- [PROBLEM DETAILS]
As the answer, return precisely the lines from the one containing "关于注销青岛鑫田杰果蔬专业合作社有机产品认证证书和认证标志的通知" to the final line of the material below, inclusive, and omit every picture.

-------- DATA --------

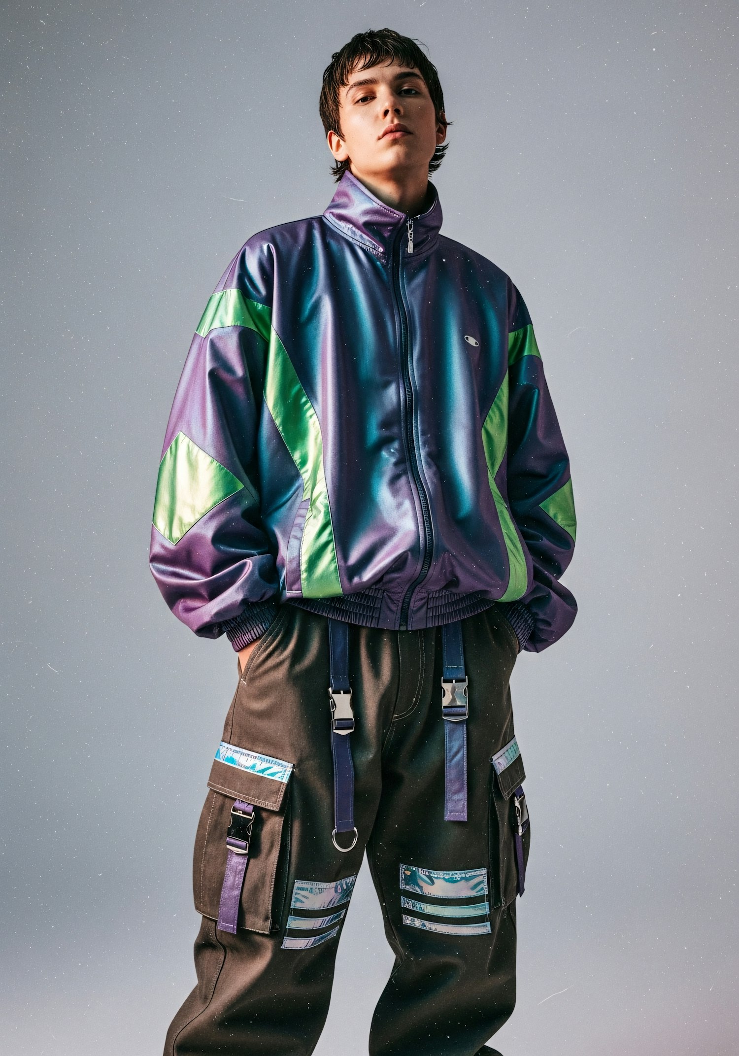 A stylish individual in a glossy purple and green jacket with utility pants, showcasing modern and futuristic fashion trends.
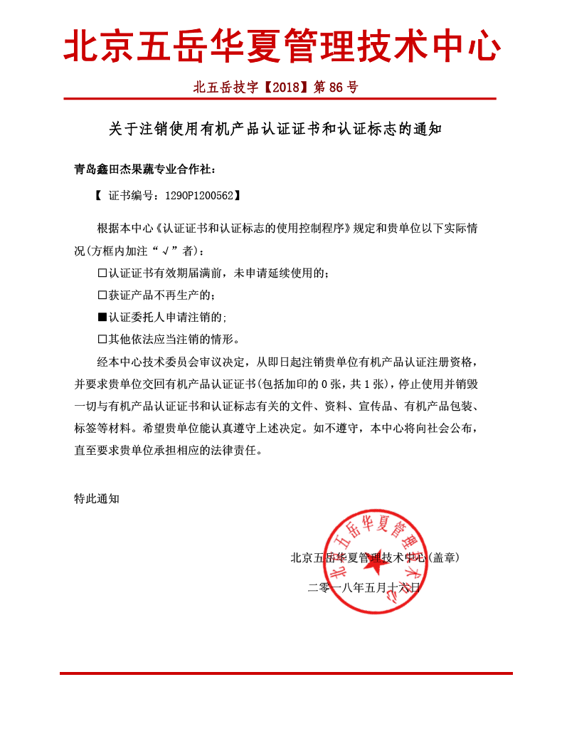 关于注销青岛鑫田杰果蔬专业合作社有机产品认证证书和认证标志的通知
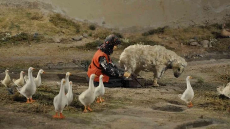 Kars Peynir Müzesi’nde ahır bölümü, içi süt dolu güğümler, yaylalardaki yaşam ve peynir yapımı, peynirin imalat serüveni anlatılırken, geçmişten günümüze peynir yapımında kullanılan araç ve gereçler de sergileniyor.
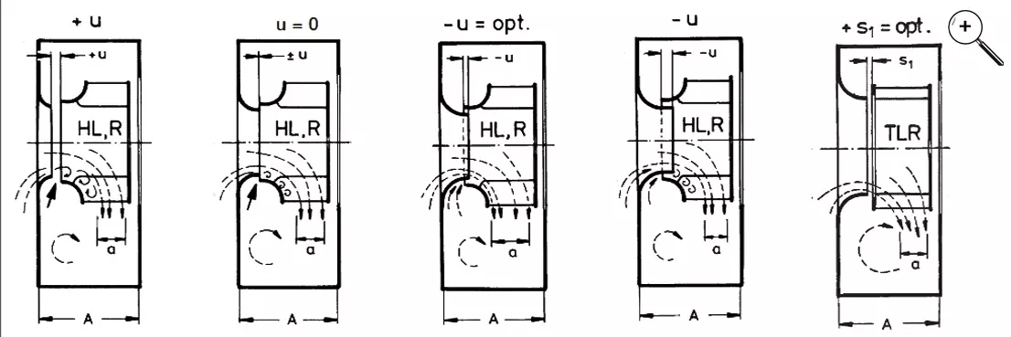 Spiralgehäuse wandeln dynamischen in statischen Druck um. Der Öffnungswinkel von Spiralgehäusen sollte bei maximal 7° liegen, da es bei größeren Öffnungswinkeln zu Strömungsablösungen kommen kann. Je größer die Druckerhöhung eines Ventilators, desto kleiner muss der Spiralwinkel des Gehäuses ausgelegt werden.

--------

- [TASK OUTPUT]
 关于注销青岛鑫田杰果蔬专业合作社有机产品认证证书和认证标志的通知
 Kars Peynir Müzesi’nde ahır bölümü, içi süt dolu güğümler, yaylalardaki yaşam ve peynir yapımı, peynirin imalat serüveni anlatılırken, geçmişten günümüze peynir yapımında kullanılan araç ve gereçler de sergileniyor.
 Spiralgehäuse wandeln dynamischen in statischen Druck um. Der Öffnungswinkel von Spiralgehäusen sollte bei maximal 7° liegen, da es bei größeren Öffnungswinkeln zu Strömungsablösungen kommen kann. Je größer die Druckerhöhung eines Ventilators, desto kleiner muss der Spiralwinkel des Gehäuses ausgelegt werden.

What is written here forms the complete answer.